Check out the history of Colorado’s fires and you’ll see that my daddy wasn’t exaggerating: The fires are far worse now. Until 1950, Colorado fires were little affairs—300 acres, 135 acres, at most 2,000 acres burned. In 1950, Colorado’s Cheyenne Mountain Fire, up until then the biggest in Colorado history, burned 28,000 acres. The Hayman Fire of 2002 burned 137,760 acres and for years was known as Colorado’s biggest fire. Jump to 2020 and all of our notable fires require six digits now: the Cameron Peak Fire (208,664 acres burned, the largest in Colorado history); the Troublesome Gulch (193,812 acres burned); the Mullen Fire (176,878 acres burned). With each conflagration, firefighters and local residents are injured or killed. Homes and businesses and livelihoods are lost. Incalculable numbers of animals and butterflies and birds and snakes and wildflowers and shaded glens are annihilated.

In part, these huge infernos are caused by decades of bad fire management, which allowed a lot of trees to become fuel for super fires. But these fires also occur because the American West is drier and hotter than it has ever been in recorded history. And these hotter and drier conditions are connected to global climate change and the continued reckless exploitation of fossil fuels. There’s a clear human fingerprint to be found on these newly intensified fires: the fingerprints of the oil, coal, and gas corporations. For decades, the fossil fuel industry ridiculed climate science and in the process limited our energy choices and kept consumers captive in an unsustainable lifestyle, forcing us all to be emitters of carbon dioxide and other greenhouse gases. 

As a result, many of us Westerners now spend more of our summers inside, retreating from the heat and smoke. But wild animals have no “inside” to retreat to. Billions of animals died in early 2020 in Australia’s fires. Countless animals perish each year in fires across the American West. 

I feel angry each year now as the fire season begins, and I’m not the only one. We should be able to go outside—it’s a pretty natural thing to want to do. I also feel fear for our community. The city of Boulder has been largely spared so far from wildfires, but our mountain communities have been hit hard with hundreds of homes lost to fire in the surrounding county.

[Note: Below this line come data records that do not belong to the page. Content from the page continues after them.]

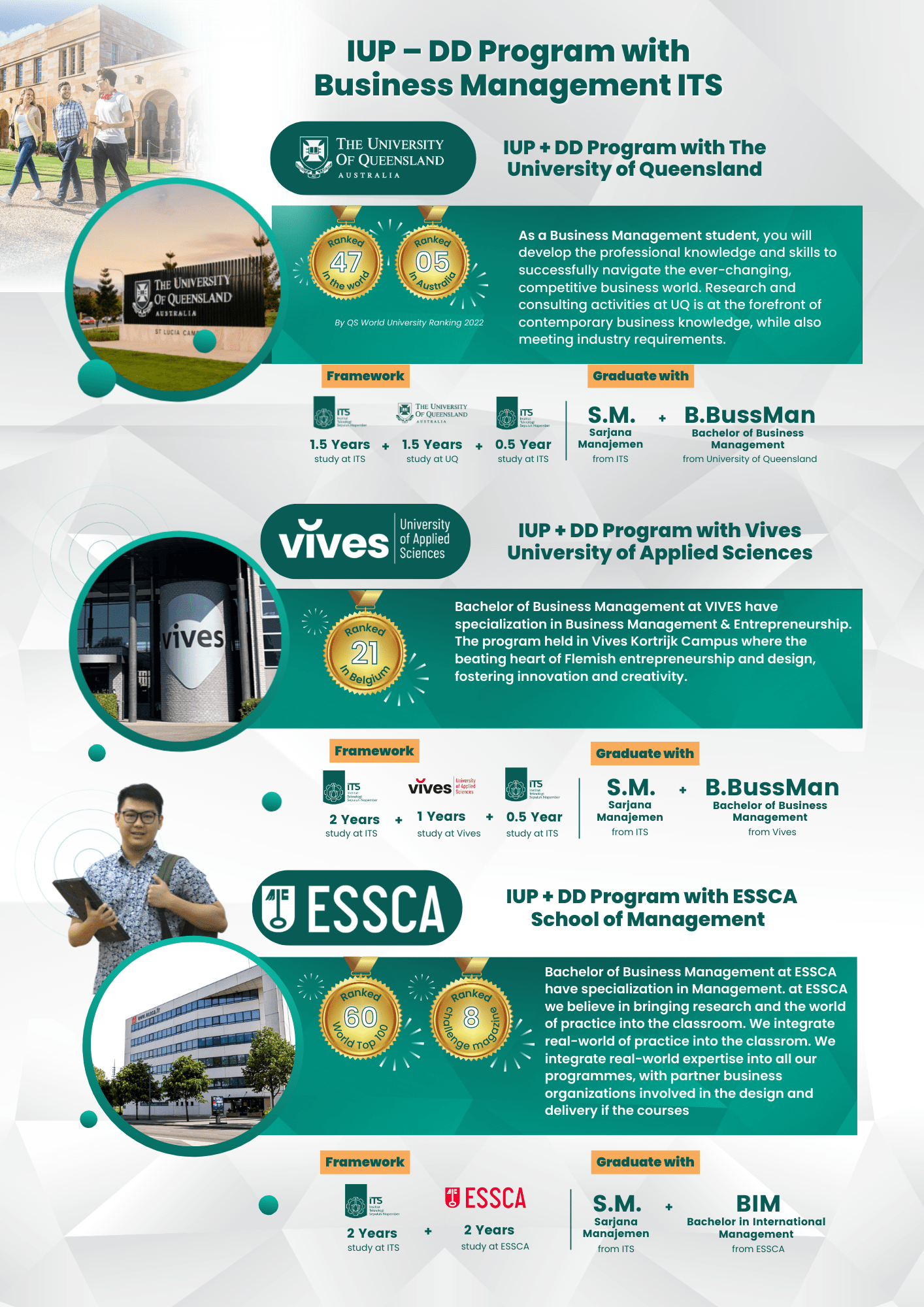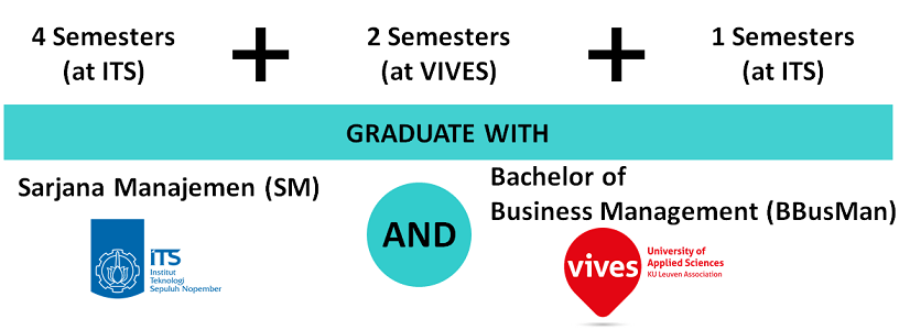 Siswa akan belajar selama 4 semester pertama di ITS, kemudian 2 semester lagi di VIVES. Lalu kembali ke ITS untuk menyelesaikan tesis sarjana. Setelah selelsai, siswa akan mendapatkan dua gelar sekaligus. Yaitu Sarjana Manajemen (S.M) dari ITS dan Bachelor of Business Management (B.BussMan) dari VIVES.
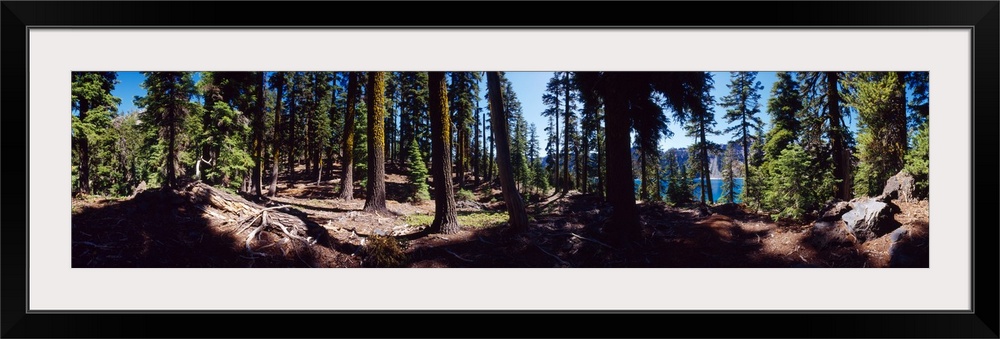 <p>Trees in a forest, Wizard Island, Crater Lake, Crater Lake National Park, Oregon, USA</p>
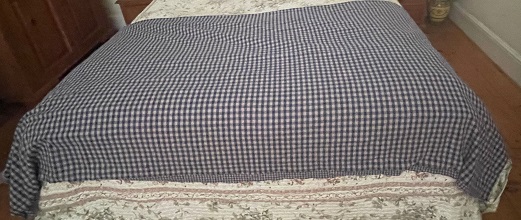 Our photo shows it on a king-size bed. It is ideal for use as a teddy bear picnic sheet or to be used in other ways to suit the bears. Freshly laundered, it still smells ‘old’ but not of any smoke.
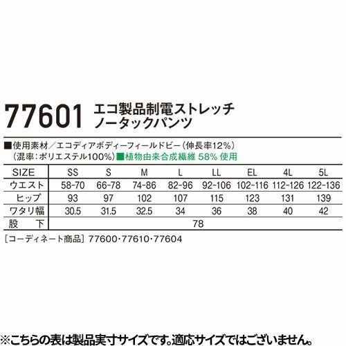 作業着 作業服 スラックス 春夏 エコ製品制電ストレッチノータックパンツ 15001 作業着 春夏 SDGs エコロジカル 環境配慮型 植物由来 エコマーク グリーン購入法対応 帯電防止 男女兼用 会社 工場 倉庫 企業 制服
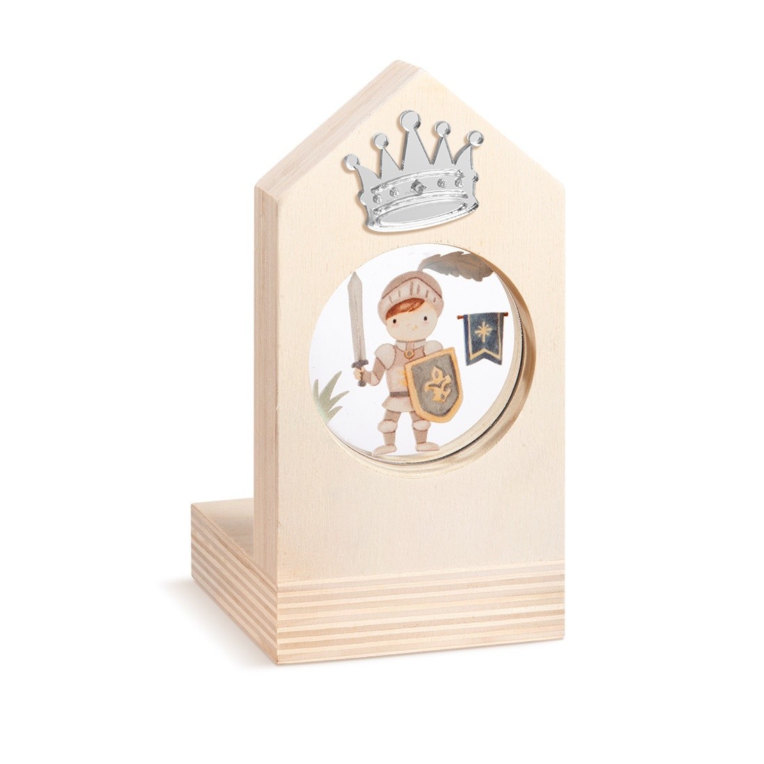 Ξύλινο διακοσμητικό σπιτάκι με ρεσώ.Το σπιτάκι είναι διακοσμημένο με στρογγυλό print plexiglass σε διάφανο χρώμα.Η παράσταση απεικονίζει τον ιππότη του παραμυθιού.
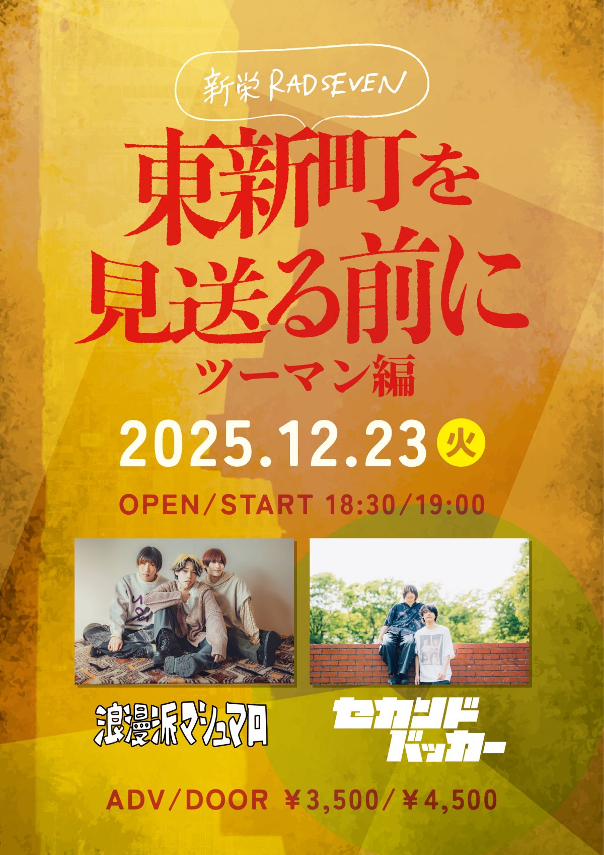 前売り:¥3,500 当日:¥4,500 Drink:¥600 -
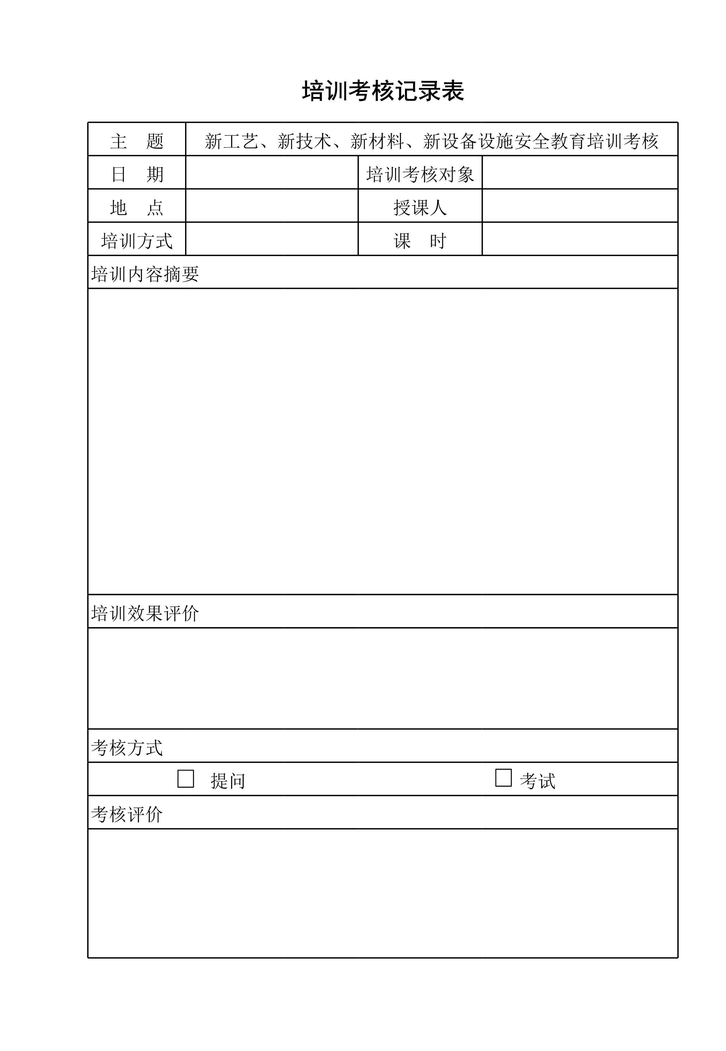 / 新工艺,新技术,新材料,新设备设施安全教育培训考核表[表格]
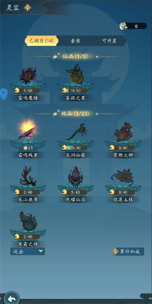 4、灵宝,可以把能解锁的全都解锁了,主要升星加攻击力的就行
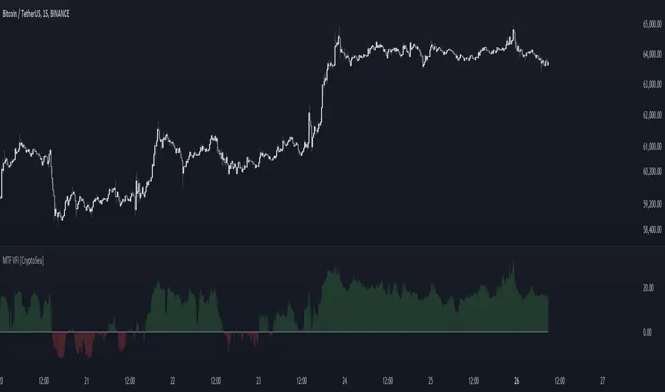 - Multi-Timeframe Integration: The script pulls VFI calculations from multiple timeframes, providing a holistic view of market trends. By analyzing VFI across different timeframes, traders can detect alignments or divergences in volume flow that might indicate trend strength or weakness.

For at least part of this summer, Coloradans will again endure smoke-filled skies from fires in Montana, Wyoming, Arizona, California, depending on which way the wind blows. And as our Colorado forests burst into flames this summer, people in other states will have to endure the smoke of our fires. Colorado is part of a global trend, one which scientists have predicted for more than 50 years and which has been ignored by the fossil fuel industry for just as long

As anyone who lives in the West now knows all too well, the fires and the smoke make it nearly impossible to breathe. They have left us suffocating on the fossil fuel industry’s decades-long dismissal of scientific facts. This year, my household invested in electric heat pumps and a plug-in hybrid car—our way of doing our small part to tackle the root causes of the climate crisis and the intensifying fires. We spent a lot of money to do what the fossil fuel industry refuses to do: move on from oil, gas, and coal—the original sparks of the fires we now have to endure.